(306e) Microkinetic Modeling and Design of Catalytic Materials with Fine-Tuned Machine-Learning Interatomic Potentials | AIChE

(306e) Microkinetic Modeling and Design of Catalytic Materials with Fine-Tuned Machine-Learning Interatomic Potentials

Authors 

Cheula, R. - Presenter, Aarhus University
Andersen, M., Aarhus University
Kitchin, J., Carnegie Mellon University
The in-silico modeling and design of catalyst materials must tackle the extreme complexity of chemical reactions at catalytic surfaces. This makes the direct application of density-functional theory (DFT) methods computationally prohibitive, especially when targeting a wide combinatory space of elements of the periodic table. This problem can be addressed with machine learning (ML) techniques, which can significantly reduce the number of DFT calculations required to find minima and saddle points of potential energy surfaces.

In this contribution, we apply DFT and ML to study CO2 hydrogenation reactions on a wide range of metallic catalysts, including single-atom alloys (SAAs), i.e., materials made of single metal atoms dispersed into another metal, able to break the Brønsted-Evans-Polanyi relations. We use graph neural networks (GNNs) interatomic potentials from the Open Catalyst project [1] and DFT to calculate the adsorption energies and activation energies of the reaction mechanisms, and we fine-tune the pre-trained GNN models within an active learning loop. Lastly, we apply structure-dependent mean-field microkinetic modeling [2] to calculate the catalytic performances (activity and selectivity) of the materials, accounting for the different active sites of catalyst nanoparticles.

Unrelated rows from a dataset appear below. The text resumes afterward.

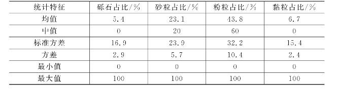 在研究区中,土颗粒粒径分数数据呈现离散和不完整的形式。考虑到采样点的平均间隔距离,在构建三维土壤粒级分数模型时,将第四纪沉积物的三维地质模型向东方向分为200个×200个×3个的六面体体元结构。因此,整个第四纪沉积物的SGrid模型含有120 000个单元格。将钻孔记录中的砾石、砂粒、粉粒和黏粒的百分比值分配在最接近它们实际位置的单元的中心,每种土的描述性统计资料如表5-6所示。
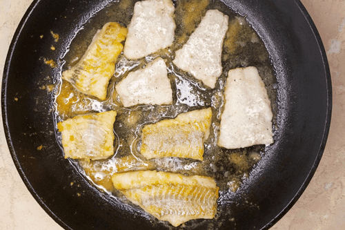 Fry the fish on both sides for 1 minute on high heat, then place it in a saucepan.
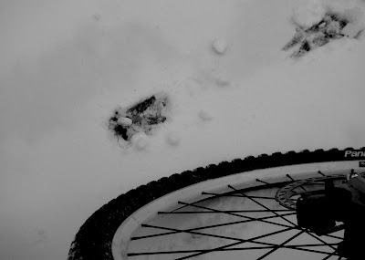 Post my last job Friday afternoon I rolled over to the South End Cool and Cool for an outdoor patio beer with Botzie, Yurgen and the other more original Worm. The snow flakes started around half way through my first beer and after the second I jumped on a slightly further west to east Stay Alive through the big buildings with eyes being sand blasted by the flakes. Now out of all the other every day normal commutes done all the time this one stands out because it had just gotten dark and there was snow flying down out of the sky in between the slow feet forward moving stop sea of tail light traffic jam headed home to the burbs as I was passing twice as fast. I realized that as soon as I got home and dry I needed to prep my mountain bike by switching the 23 to an 18, plus air up the tubeless then pack the pack for a possible early morning snow covered landscape exploration.
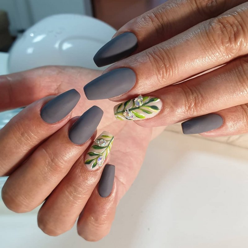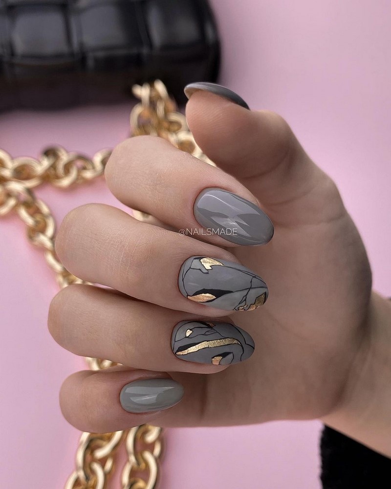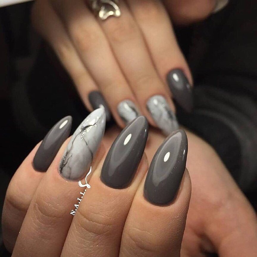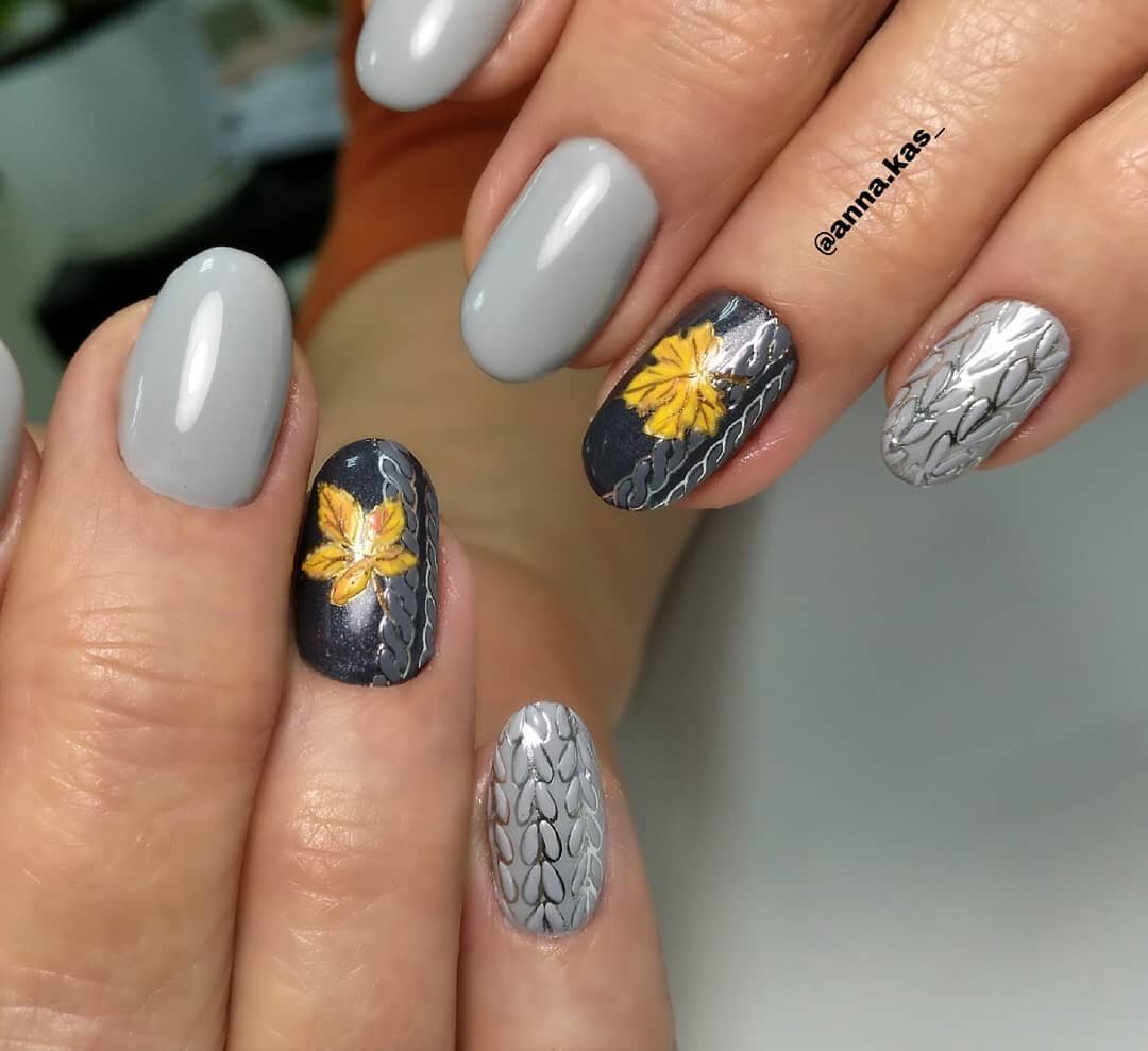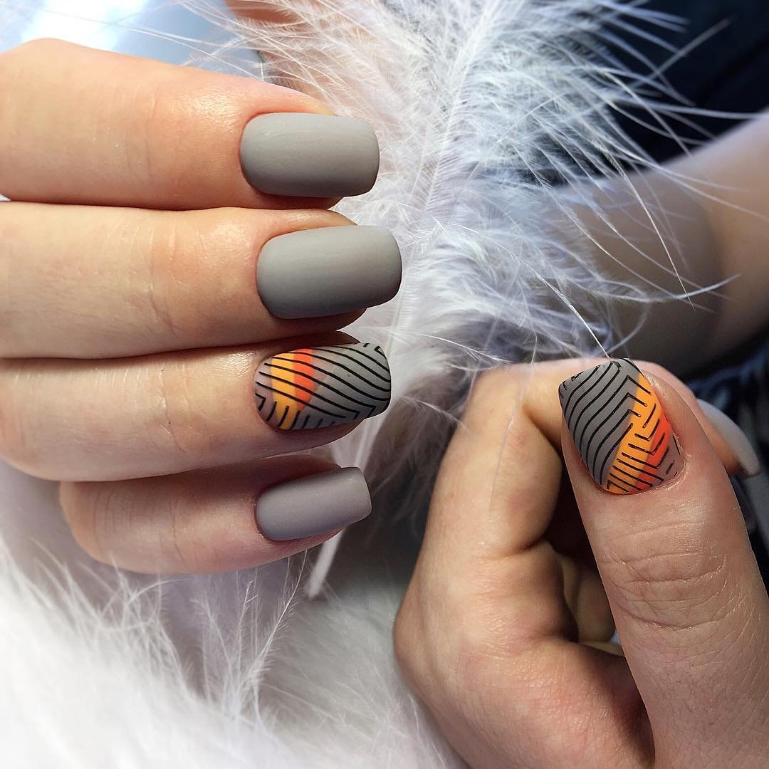 Считаете этот цвет скучным и неподходящим для маникюра? Очень зря. Палитра серого включает очень интересные оттенки. Кроме того, серый уживается практически с любым другим цветом. Он сможет уравновесить самый активный осенний цвет — от ярко-оранжевого до золотого.

The application of the framework to the CO2 hydrogenation process allows us to rationalize how reaction mechanisms and catalytic performances change with the catalyst composition, paving the way toward the design and nano-engineering of the catalytic materials. The methodology that we propose can be applied to a wide range of systems in heterogeneous catalysis.

  1. L. Chanussot, et al., ACS Catalysis, 11, 10, 6059–6072, 2021.
  2. R. Cheula, M. Maestri, Catalysis Today 387, 159-171, 2022.